=== SOURCE RECORDS ===
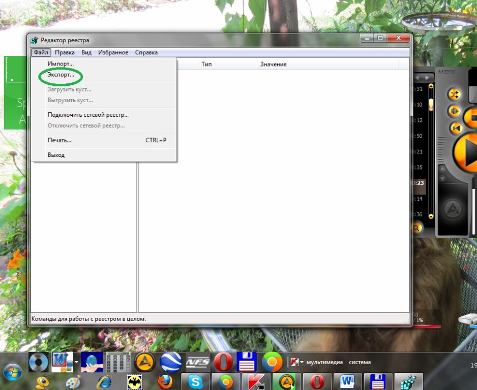 Перед тем, как приступить к непосредственному редактированию и очистке реестра, необходимо сохранить текущую версию реестра. Для этого в меню файл выбираем пункт Экспорт (см.рис.5).
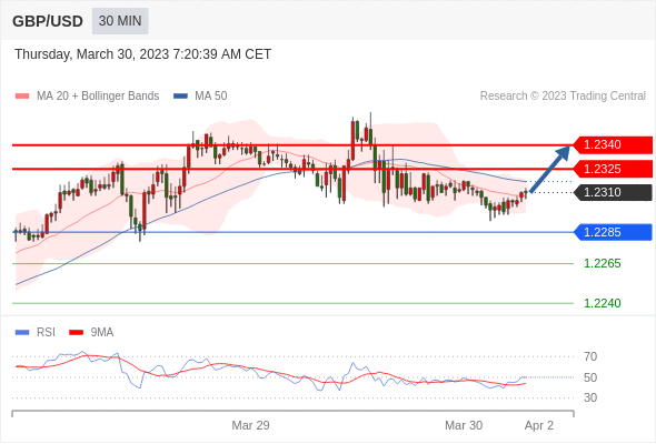 在 1.2285 之上,看涨,目标价位为 1.2325 ,然后为 1.2340 。
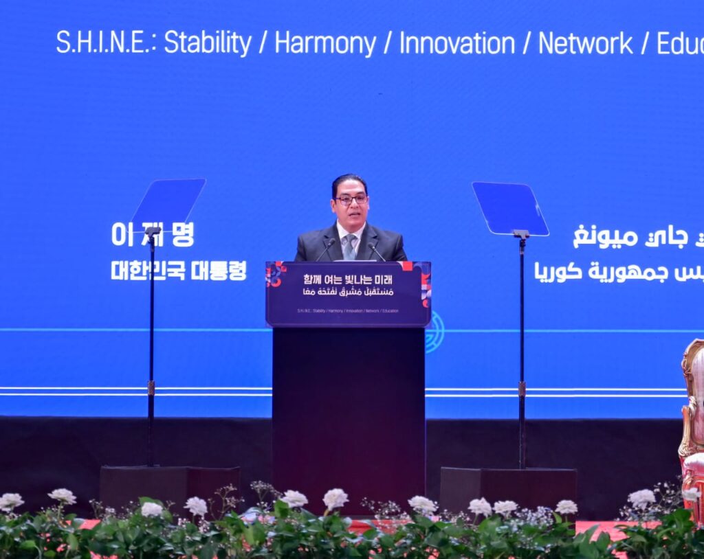 كما أشار الرئيس الكوري إلى مبادرة “SHINE” والتي تشمل ثلاثة مجالات تتمثل في السلام والازدهار والثقافة، وفتح مستقبل مشرق للشرق الاوسط وشبة جزيرة كوريا لتحقيق الاستقرار، وأن الحكومة الكورية ساهمت بشكل مباشر في إرساء السلام داخل الشرق الأوسط، معلنًا عن تقديم كوريا مساهمات بمقدار ١٠ ملايين دولار للهلال الأحمر المصري، واتفاقه مع فخامة الرئيس عبد الفتاح السيسي علي المشاركة في إعادة الاعمار داخل قطاع غزة، مؤكدًا حرصه على تحقيق مستقبل أكثر ازدهارًا من خلال الابتكار المشترك ودفع التنمية الاقتصادية.
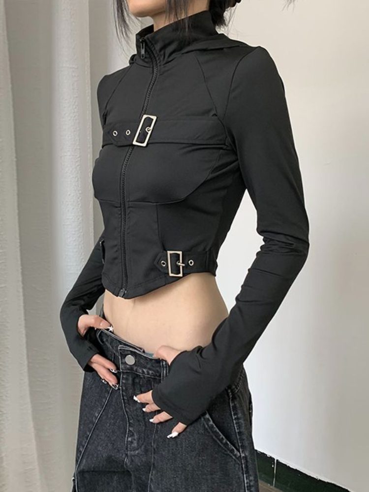 Ta koszulka techwear damska z długim rękawem jest inspirowana stylem techwear i cyberpunk. Wykonany z wysokiej jakości poliestru, jest miękki w dotyku i odporny na ścieranie. Długie, wąskie rękawy podkreślają sylwetkę tego topu. Zamki błyskawiczne i paski dodają estetyki techwear dzięki swojej użyteczności i wzornictwu.
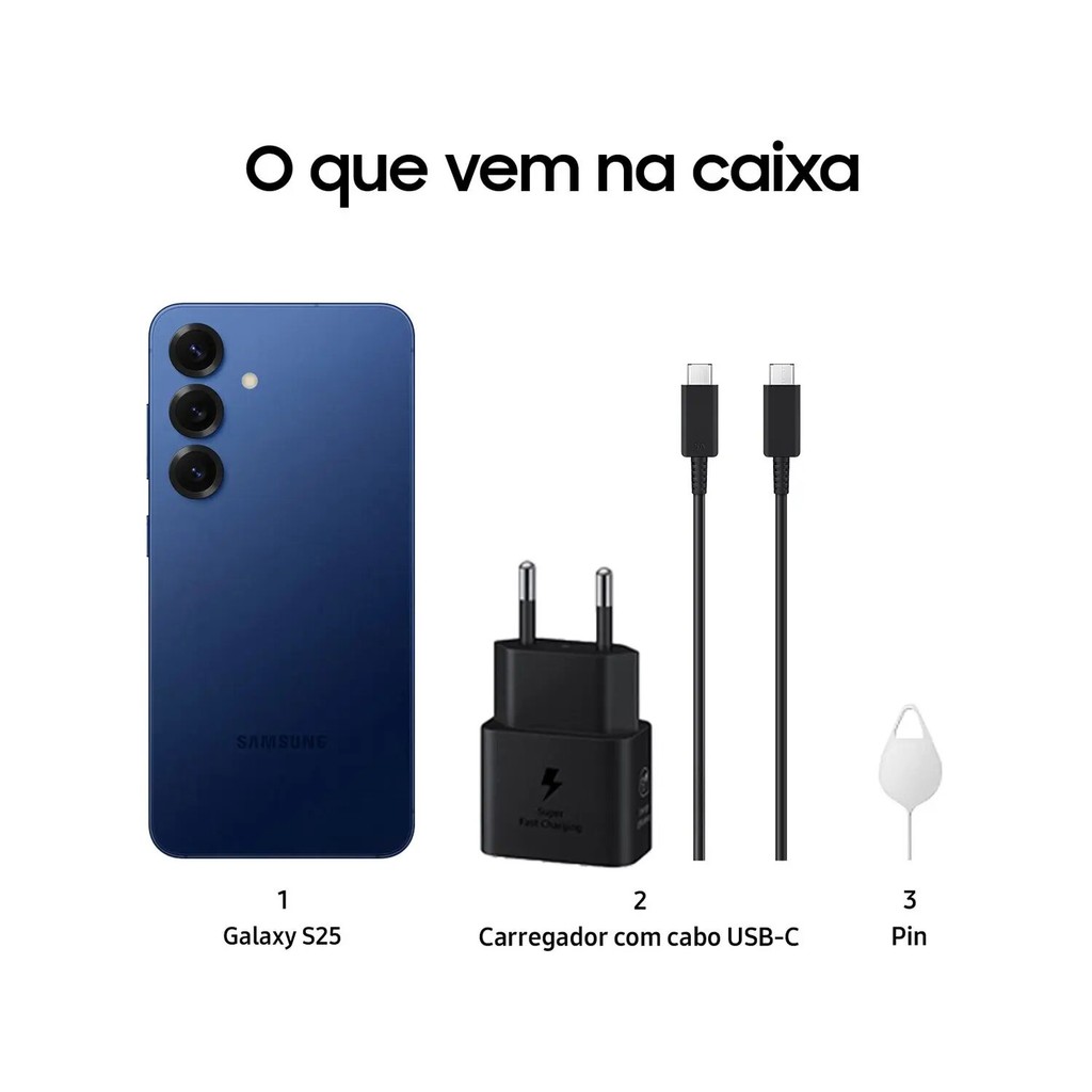 Smartphone Samsung Galaxy S25 256GB 5G - Azul Marinho, Galaxy AI, Câmera Tripla 50MP + Selfie 12MP, RAM 12GB, Tela 6.2"

=== EXERCISE ===
Output every record above verbatim, excluding images.

=== WRITTEN RESPONSE ===
 Перед тем, как приступить к непосредственному редактированию и очистке реестра, необходимо сохранить текущую версию реестра. Для этого в меню файл выбираем пункт Экспорт (см.рис.5).
 在 1.2285 之上,看涨,目标价位为 1.2325 ,然后为 1.2340 。
 كما أشار الرئيس الكوري إلى مبادرة “SHINE” والتي تشمل ثلاثة مجالات تتمثل في السلام والازدهار والثقافة، وفتح مستقبل مشرق للشرق الاوسط وشبة جزيرة كوريا لتحقيق الاستقرار، وأن الحكومة الكورية ساهمت بشكل مباشر في إرساء السلام داخل الشرق الأوسط، معلنًا عن تقديم كوريا مساهمات بمقدار ١٠ ملايين دولار للهلال الأحمر المصري، واتفاقه مع فخامة الرئيس عبد الفتاح السيسي علي المشاركة في إعادة الاعمار داخل قطاع غزة، مؤكدًا حرصه على تحقيق مستقبل أكثر ازدهارًا من خلال الابتكار المشترك ودفع التنمية الاقتصادية.
 Ta koszulka techwear damska z długim rękawem jest inspirowana stylem techwear i cyberpunk. Wykonany z wysokiej jakości poliestru, jest miękki w dotyku i odporny na ścieranie. Długie, wąskie rękawy podkreślają sylwetkę tego topu. Zamki błyskawiczne i paski dodają estetyki techwear dzięki swojej użyteczności i wzornictwu.
 Smartphone Samsung Galaxy S25 256GB 5G - Azul Marinho, Galaxy AI, Câmera Tripla 50MP + Selfie 12MP, RAM 12GB, Tela 6.2"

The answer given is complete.